The listing below is to be written out word for word, minus its images.

>>>>>

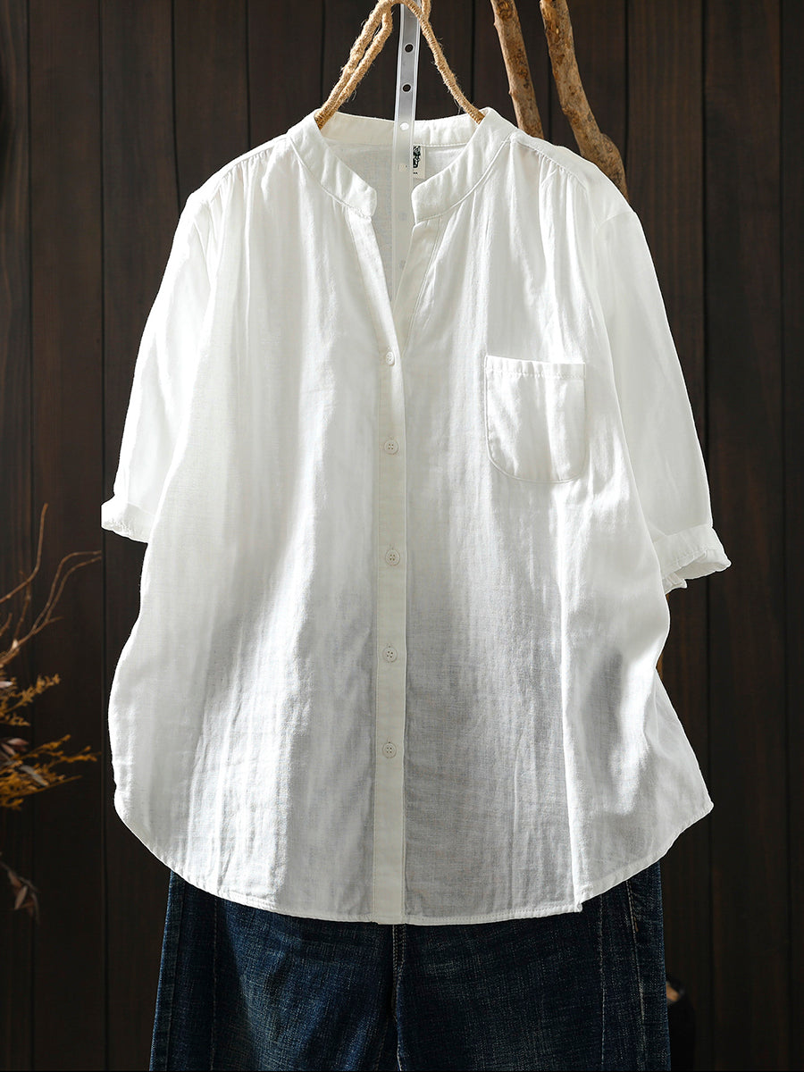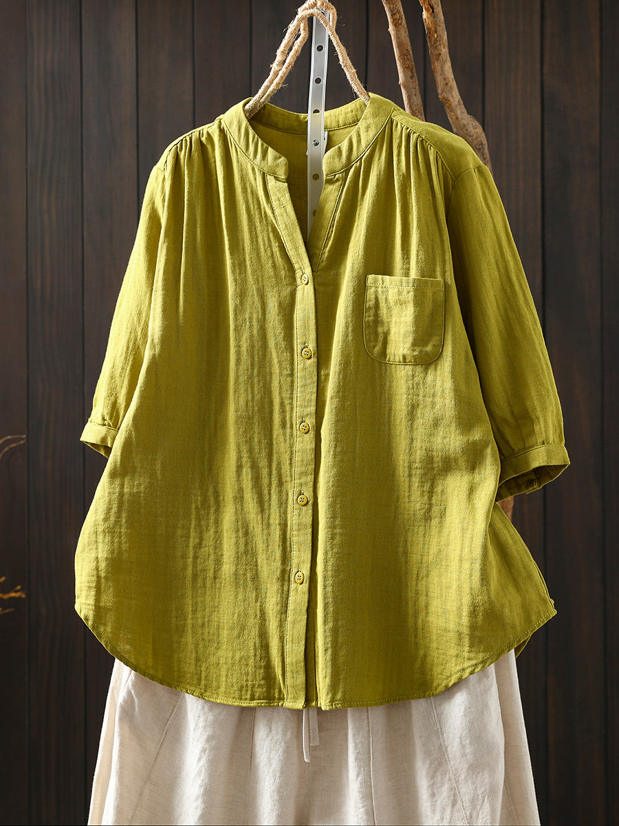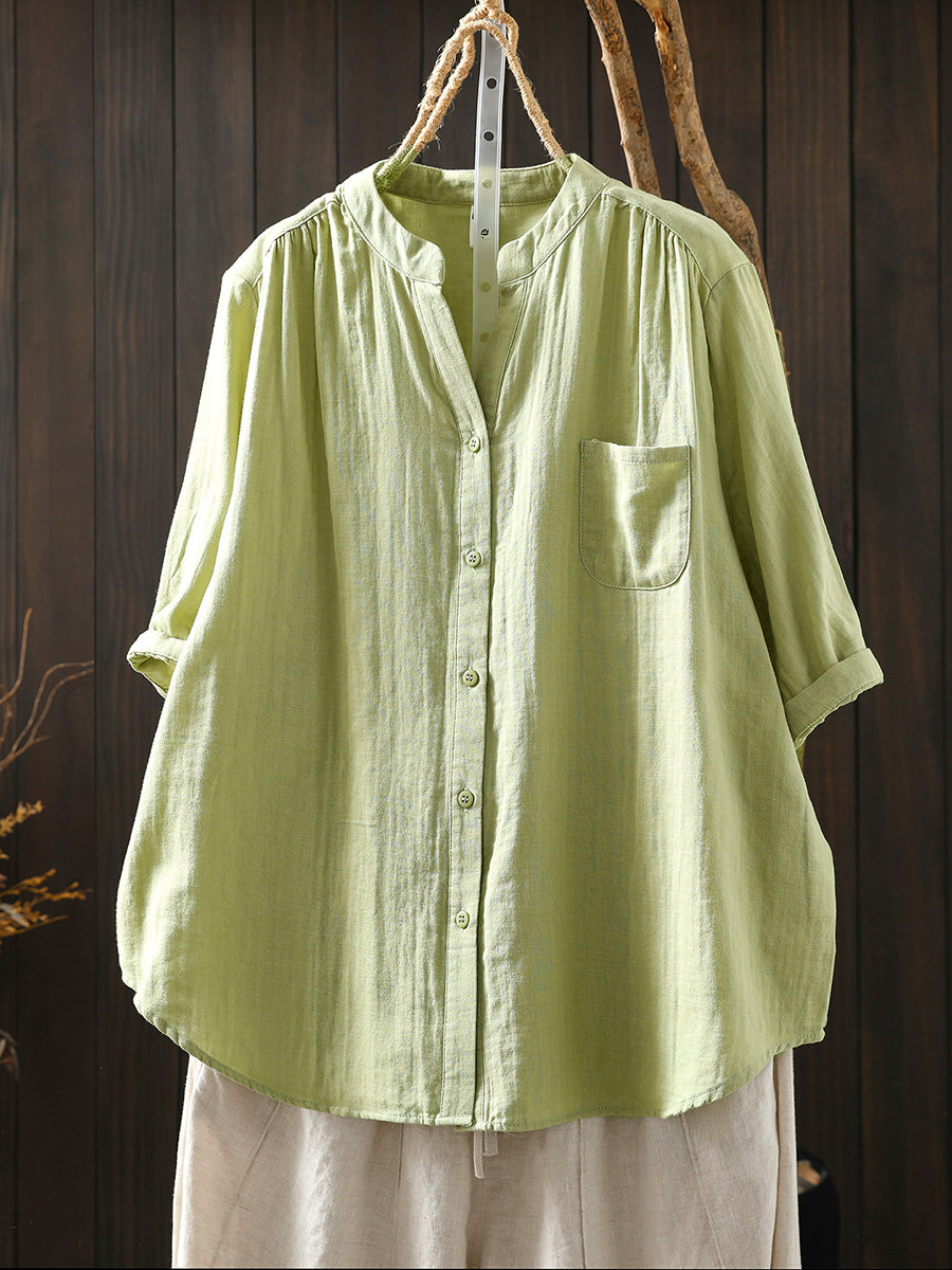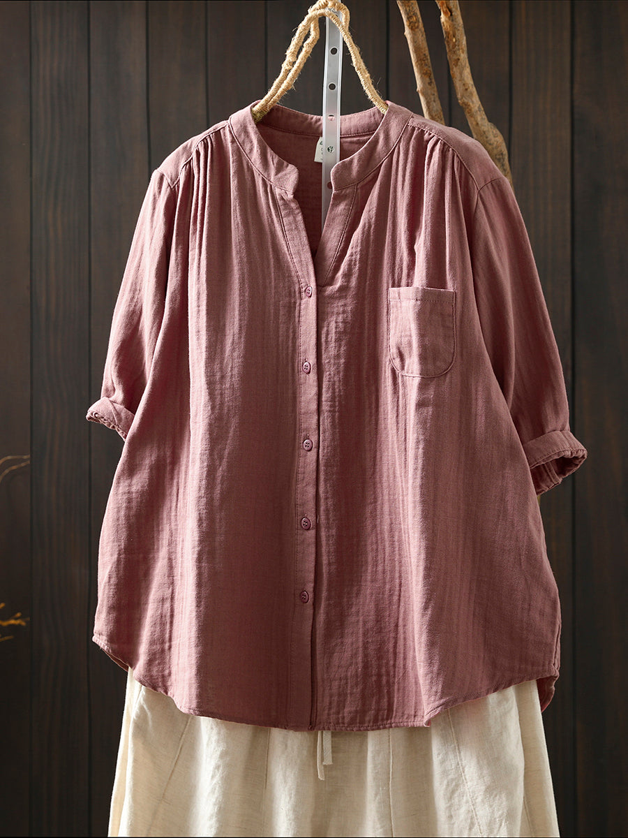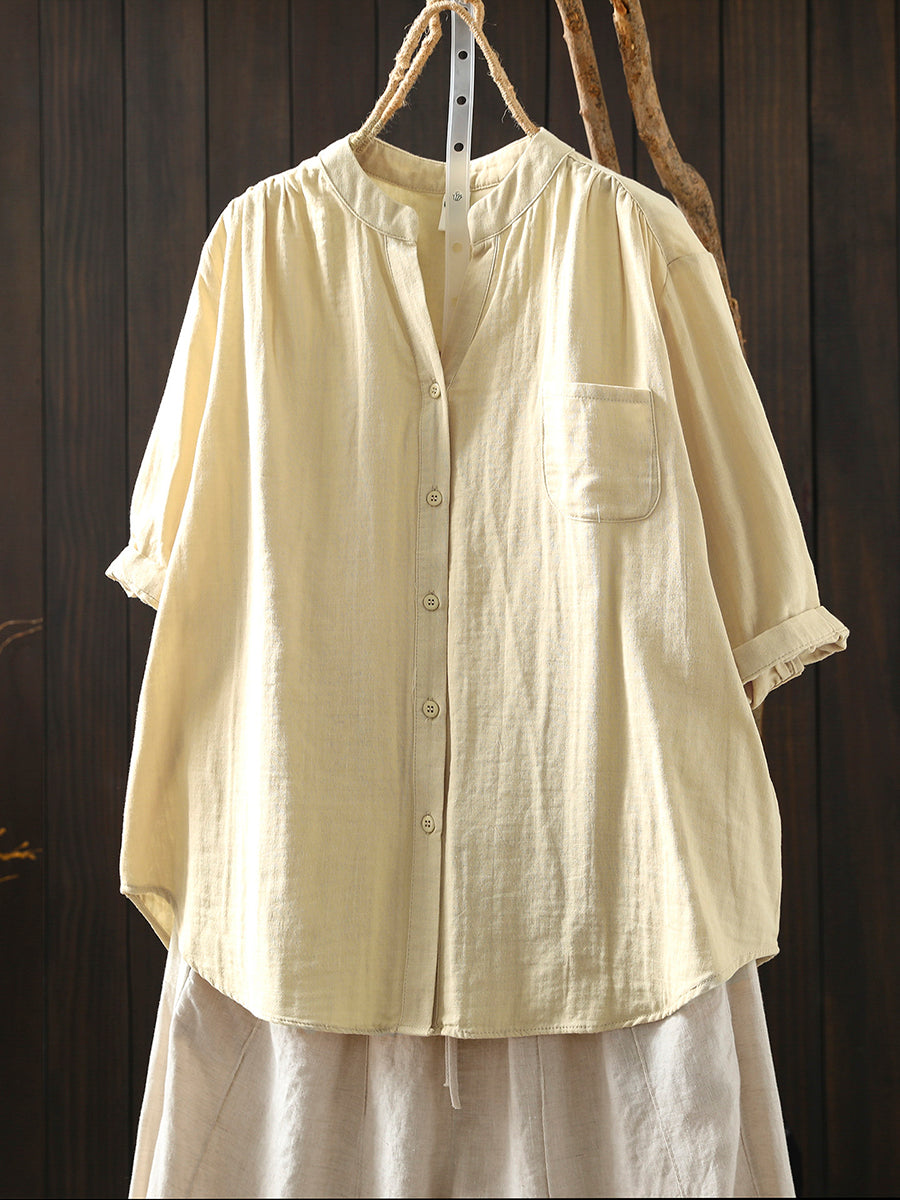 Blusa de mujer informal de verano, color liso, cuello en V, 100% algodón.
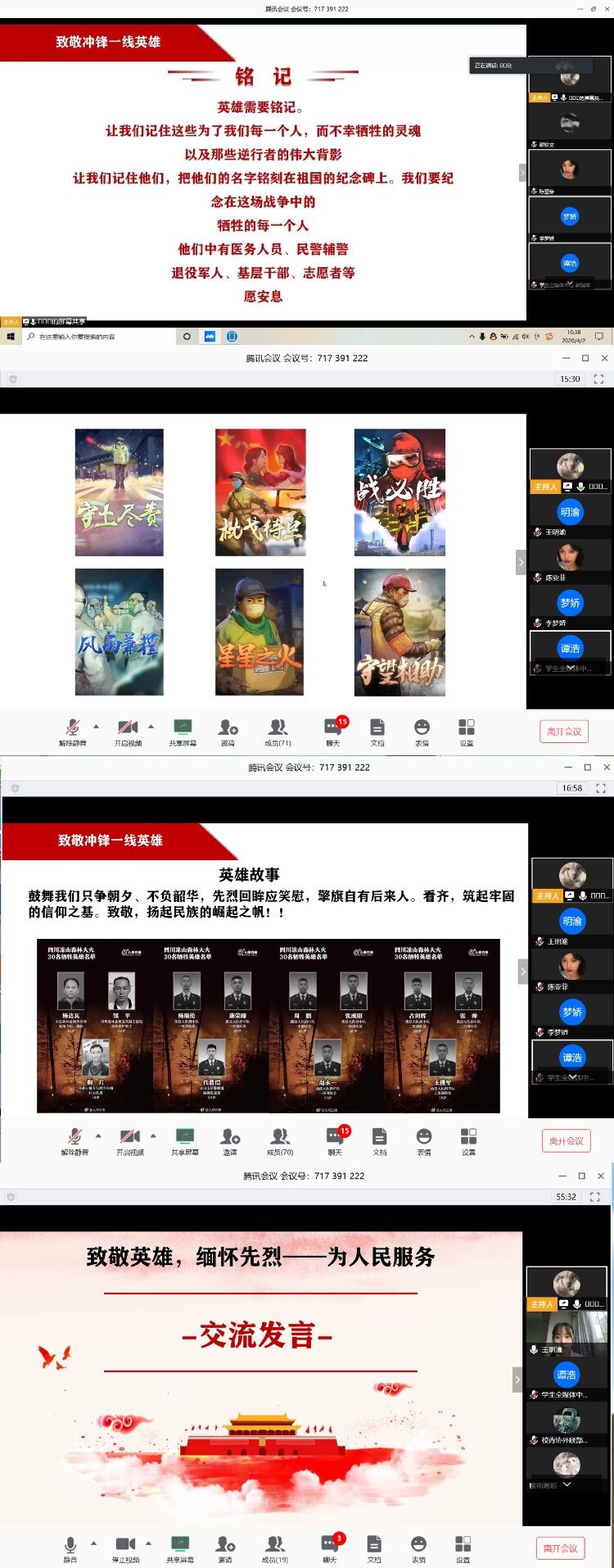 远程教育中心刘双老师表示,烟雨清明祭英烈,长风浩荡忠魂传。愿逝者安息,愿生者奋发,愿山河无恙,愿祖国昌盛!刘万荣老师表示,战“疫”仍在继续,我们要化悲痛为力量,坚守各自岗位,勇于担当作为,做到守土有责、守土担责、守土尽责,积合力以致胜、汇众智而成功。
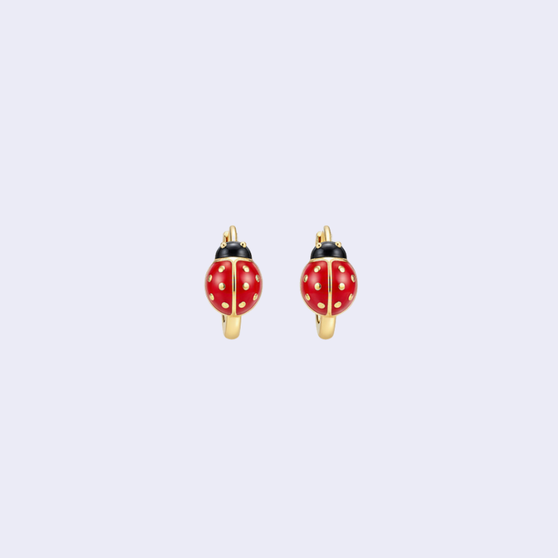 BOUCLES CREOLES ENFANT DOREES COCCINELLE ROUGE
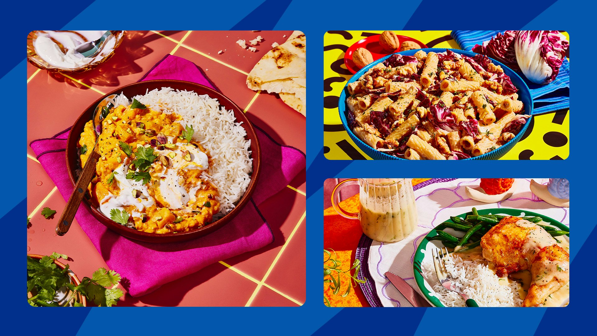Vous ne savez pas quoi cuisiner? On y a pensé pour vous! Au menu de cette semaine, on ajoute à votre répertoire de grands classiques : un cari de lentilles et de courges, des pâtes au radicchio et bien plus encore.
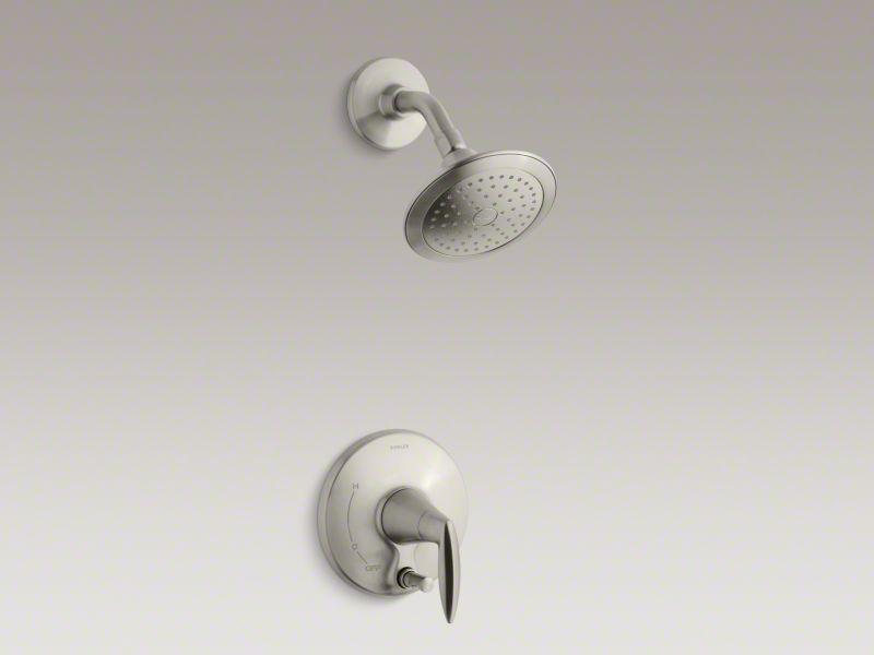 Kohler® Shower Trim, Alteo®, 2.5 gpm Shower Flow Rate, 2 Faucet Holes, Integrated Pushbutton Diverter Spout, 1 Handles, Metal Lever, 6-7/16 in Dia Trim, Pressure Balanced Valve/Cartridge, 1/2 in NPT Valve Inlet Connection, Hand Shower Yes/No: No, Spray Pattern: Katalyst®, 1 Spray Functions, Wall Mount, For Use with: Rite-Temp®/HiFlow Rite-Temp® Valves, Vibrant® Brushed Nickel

<<<<<

* _RESPONSE TO THIS EXERCISE_
 Blusa de mujer informal de verano, color liso, cuello en V, 100% algodón.
 远程教育中心刘双老师表示,烟雨清明祭英烈,长风浩荡忠魂传。愿逝者安息,愿生者奋发,愿山河无恙,愿祖国昌盛!刘万荣老师表示,战“疫”仍在继续,我们要化悲痛为力量,坚守各自岗位,勇于担当作为,做到守土有责、守土担责、守土尽责,积合力以致胜、汇众智而成功。
 BOUCLES CREOLES ENFANT DOREES COCCINELLE ROUGE
Vous ne savez pas quoi cuisiner? On y a pensé pour vous! Au menu de cette semaine, on ajoute à votre répertoire de grands classiques : un cari de lentilles et de courges, des pâtes au radicchio et bien plus encore.
 Kohler® Shower Trim, Alteo®, 2.5 gpm Shower Flow Rate, 2 Faucet Holes, Integrated Pushbutton Diverter Spout, 1 Handles, Metal Lever, 6-7/16 in Dia Trim, Pressure Balanced Valve/Cartridge, 1/2 in NPT Valve Inlet Connection, Hand Shower Yes/No: No, Spray Pattern: Katalyst®, 1 Spray Functions, Wall Mount, For Use with: Rite-Temp®/HiFlow Rite-Temp® Valves, Vibrant® Brushed Nickel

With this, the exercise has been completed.